Another honorable mention goes to Lyne Anton of Elk, California who found the following warning label on a baking pan: Ovenware will get hot when used in oven. Really? I noticed dishes get hot in the oven too. Maybe there is a trend here…hmmm.


But the grand prize winner goes to a heat gun and paint remover that produces temperatures of 1,000 degrees and warns: Do not use this tool as a hair dryer. I would suspect that you would figure this out relatively quickly. “Honey, is that ovenware getting hot again? I smell something burning. Never mind, dear, I just melted my hair. I wish they would have warned me not to use a paint removing heat gun on my head.”

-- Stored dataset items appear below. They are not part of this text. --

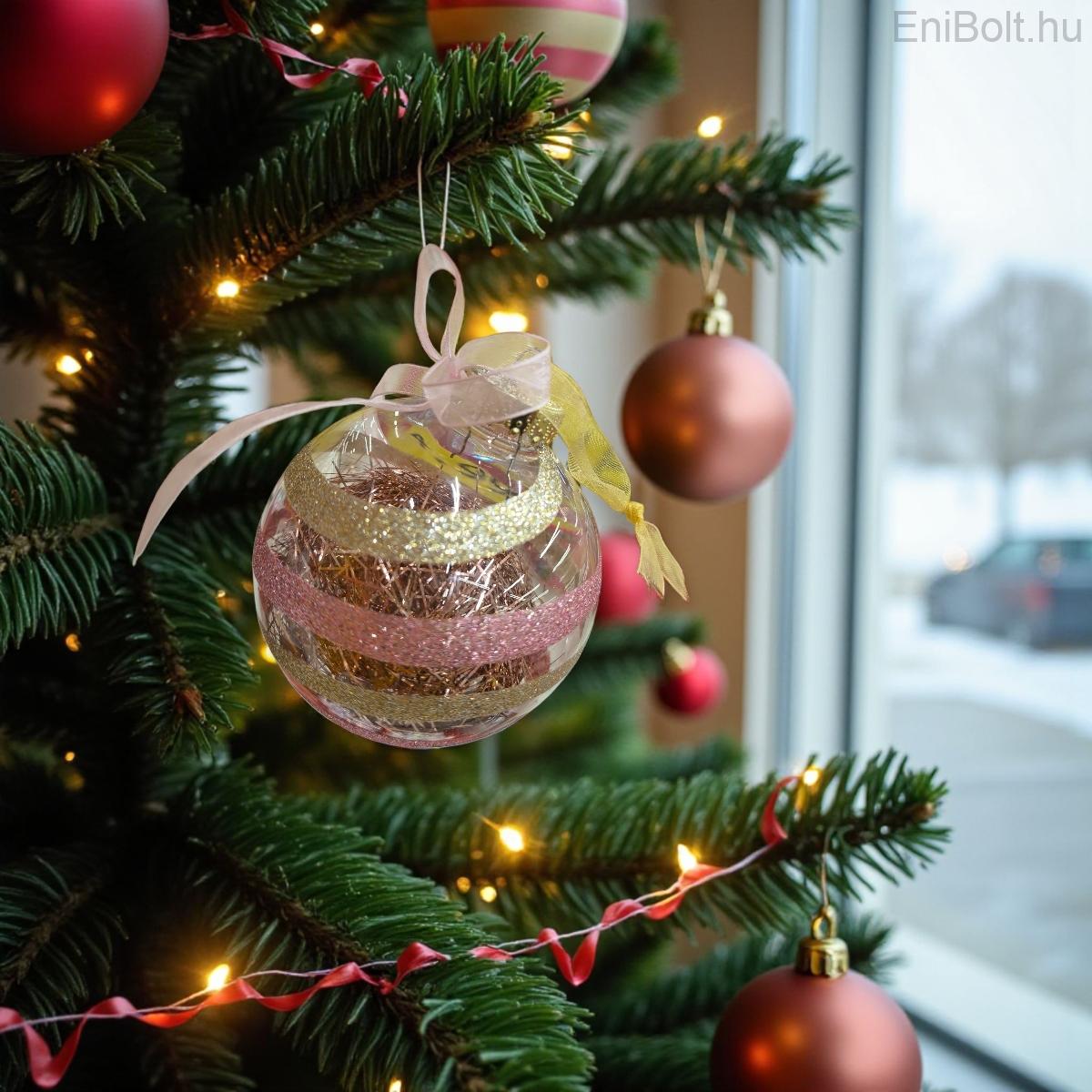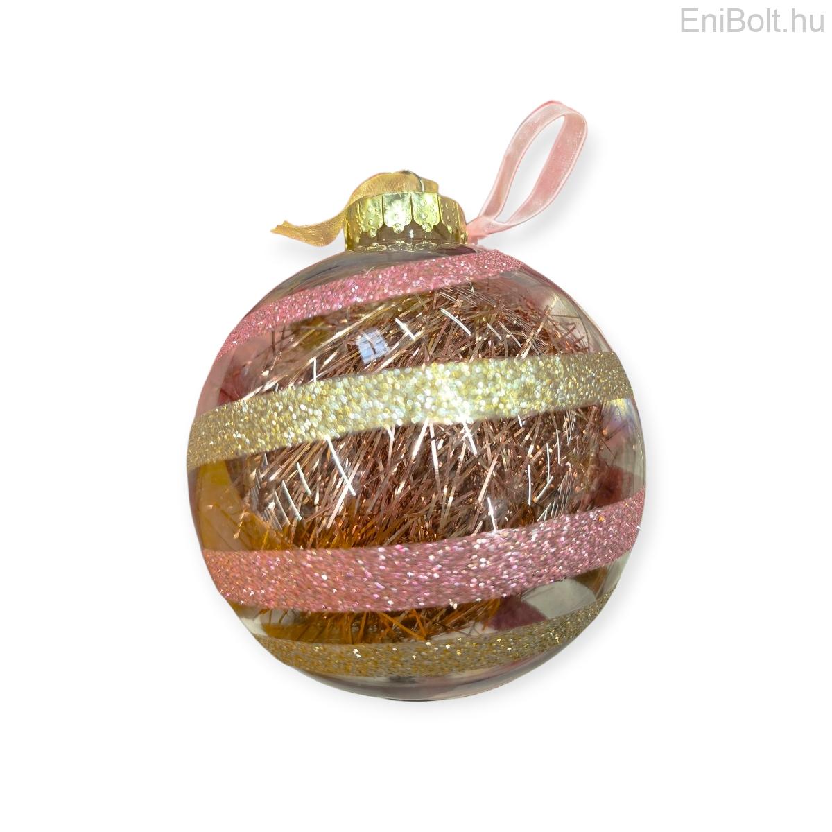 Átlátszó karácsonyfadísz csillámos csíkokkal és rózsaszín csillogó díszszállal 10cm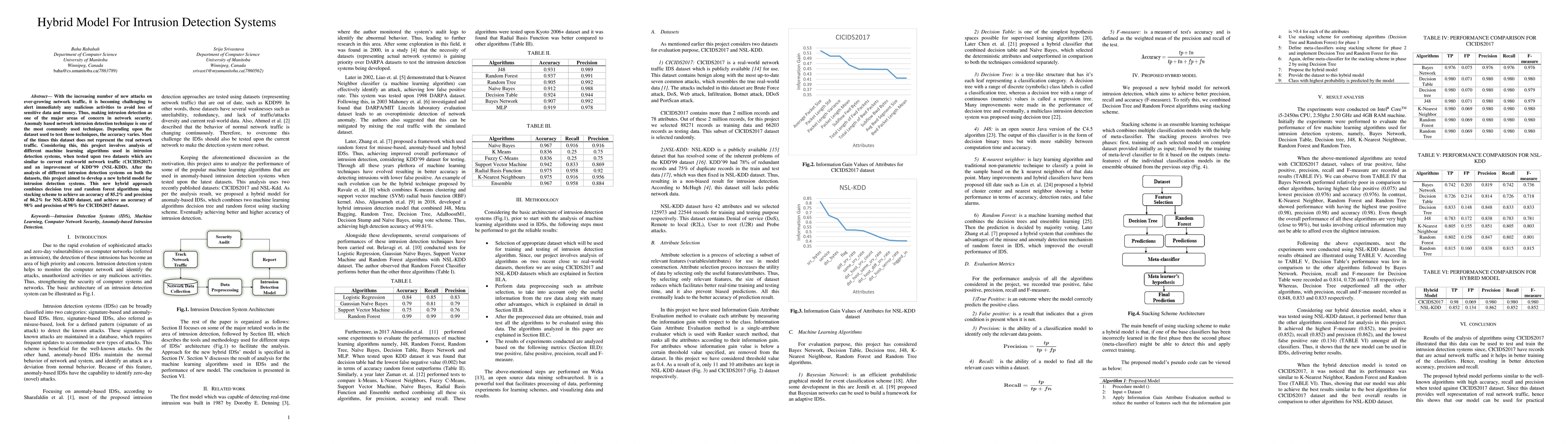 With the increasing number of new attacks on ever growing network traffic, it is becoming challenging to alert immediately any malicious activities to avoid loss of sensitive data and money. This is making intrusion detection as one of the major areas of concern in network security. Anomaly based network intrusion detection technique is one of the most commonly used technique. Depending upon the dataset used to test those techniques, the accuracy varies. Most of the times this dataset does not represent the real network traffic. Considering this, this project involves analysis of different machine learning algorithms used in intrusion detection systems, when tested upon two datasets which are similar to current real world network traffic(CICIDS2017) and an improvement of KDD 99 (NSL-KDD). After the analysis of different intrusion detection systems on both the datasets, this project aimed to develop a new hybrid model for intrusion detection systems. This new hybrid approach combines decision tree and random forest algorithms using stacking scheme to achieve an accuracy of 85.2% and precision of 86.2% for NSL-KDD dataset, and achieve an accuracy of 98% and precision of 98% for CICIDS2017 dataset.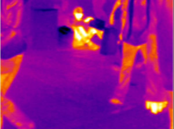 Das Infrarotbild zeigt einen Bettler in der Hohe Straße in Köln bei unter 5 Grad C Außentemperatur.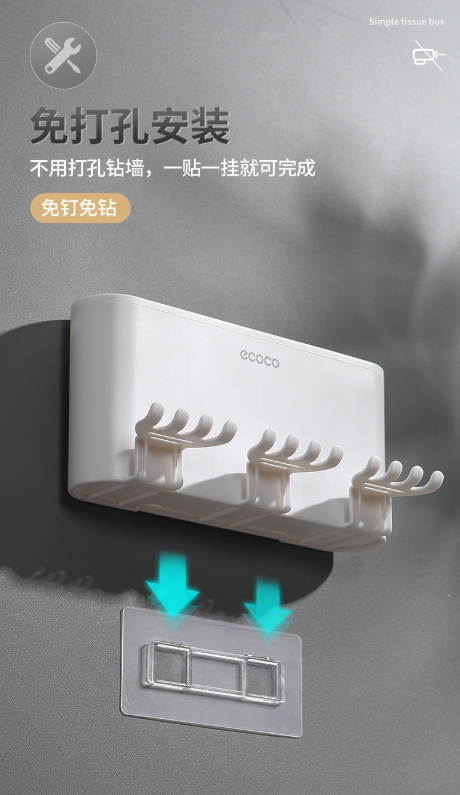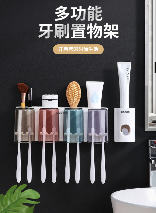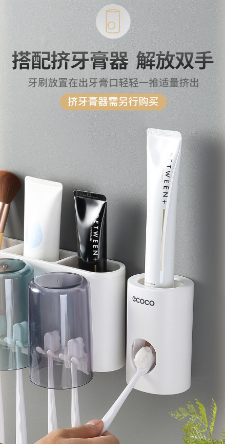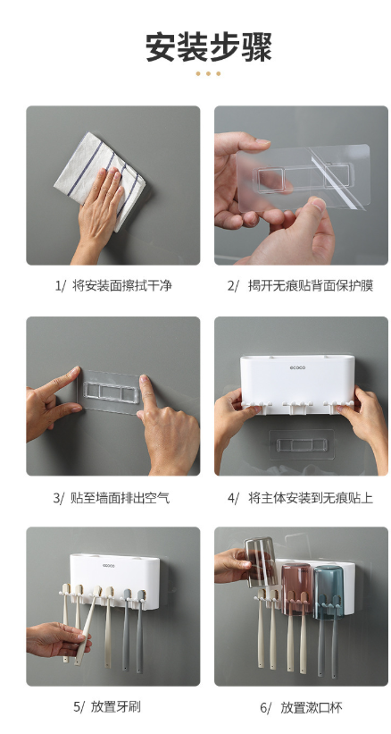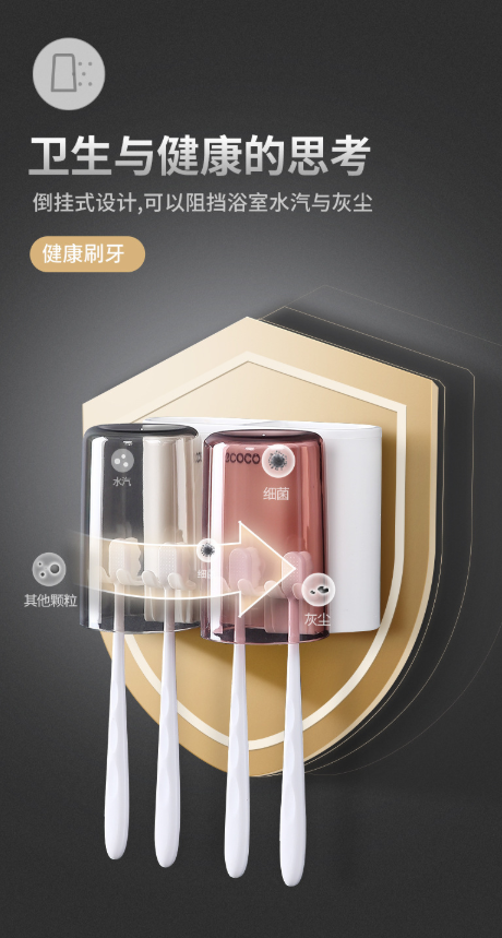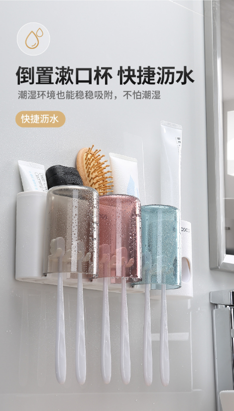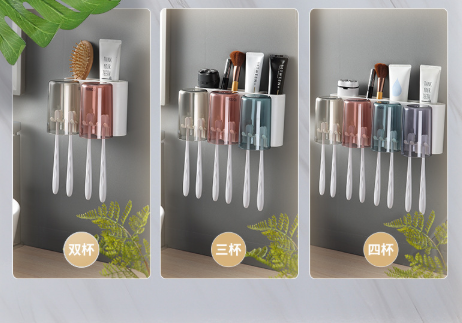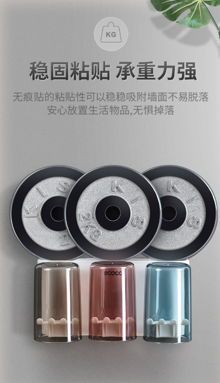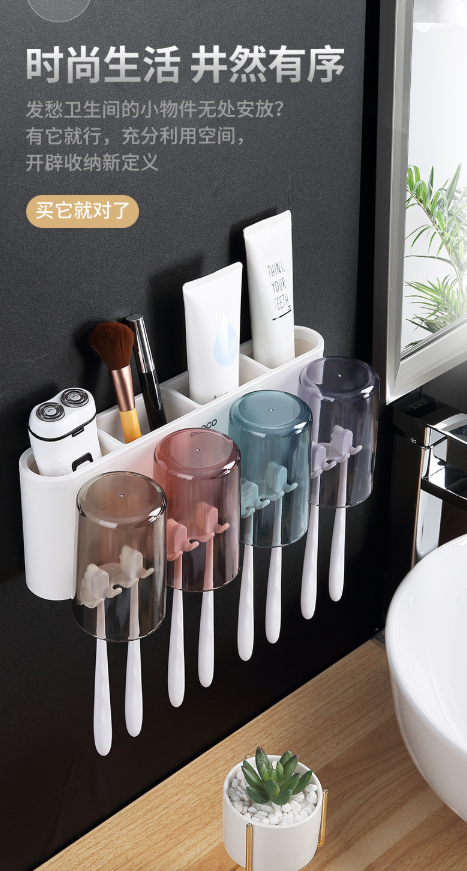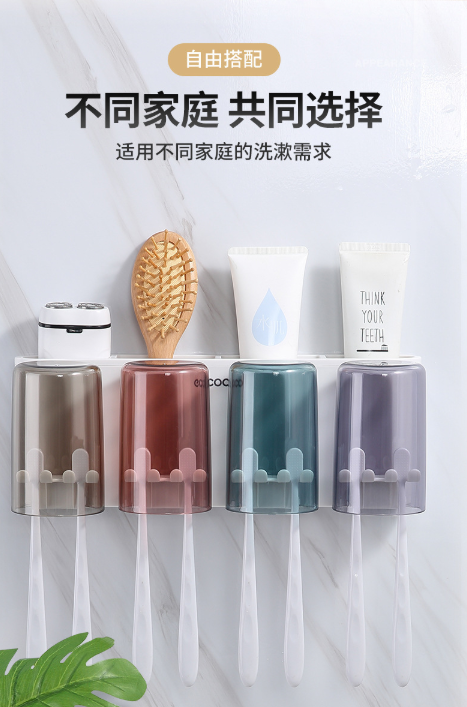 免打孔漱口杯&牙刷架 牙刷置物架刷牙杯挂墙式卫生间壁挂式收纳盒牙缸套装3.39

“Warning labels are a sign of our lawsuit-plagued times,” said Robert B. Dorigo Jones, M-LAW president. “An unpredictable legal system – in which judges allow anyone to file a lawsuit on almost any theory – has created a need for product makers to plaster wacky warnings on everything.” Humor columnist Dave Barry wrote about this trend. “Fortunately, I live in the United States of America, where we are gradually coming to understand that nothing we do is ever our fault, especially if it is really stupid.” And these warning labels are a sign that too many of us are unwilling to take any personal responsibility for our actions. We are the culture of “not at fault”. There is “no fault” auto insurance and “no fault” divorce. A child learns to say “it’s not my fault” right after they learn to say “no.” The “not at fault” mindset has crept into the body of Christ as well. For too many people nothing is ever their fault. We seem to have lost the ability to simply say “I was wrong. Please forgive me.” Instead we do the dreaded apology light. You know the syndrome. Some people can only say the words “I am sorry” if that phrase is immediately followed by a gigantic but (that would be one “t”). Whenever I see or hear the gigantic “but” I tend to discount the apology. I am sorry but I was having a bad day. Forgive me for my words but I was really tired and not feeling well. I shouldn’t have reacted but the other person was rude. I overreacted but he pushed my buttons (whatever that means). Blah, blah, blah, blah. We have allowed our American idea of rights to infiltrate the church. The confusing of rights and responsibilities is a dangerous trap for the body of Christ. Basically, being responsible for our actions is an act of love and obedience. Clearly we have a biblical responsibility to love one another. The Apostle John has some insight.


If anyone boasts, “I love God,” and goes right on hating his brother or sister, thinking nothing of it, he is a liar. If he won’t love the person he can see, how can he love the God he can’t see? The command we have from Christ is blunt: Loving God includes loving people. You’ve got to love both. (1 John 4:20-21) The Message


The command is indeed blunt. Noted Christian author A. B. Simpson once noted that “a good way to test your love to God is by the way you treat your brother…God is more concerned by my conduct toward my brother than by my prayers to Him.” Amen. Jesus said something similar to the Pharisees: “Do you want to stand out? Then step down. Be a servant. If you puff yourself up, you’ll get the wind knocked out of you. But if you’re content to simply be yourself, your life will count for plenty.” (Matthew 23:11-12) The Message


I want my life to count for plenty. I am willing to take responsibility for my actions. If I am stupid (make that when I am stupid) I am willing to say I am wrong, I am sorry, and no buts about it.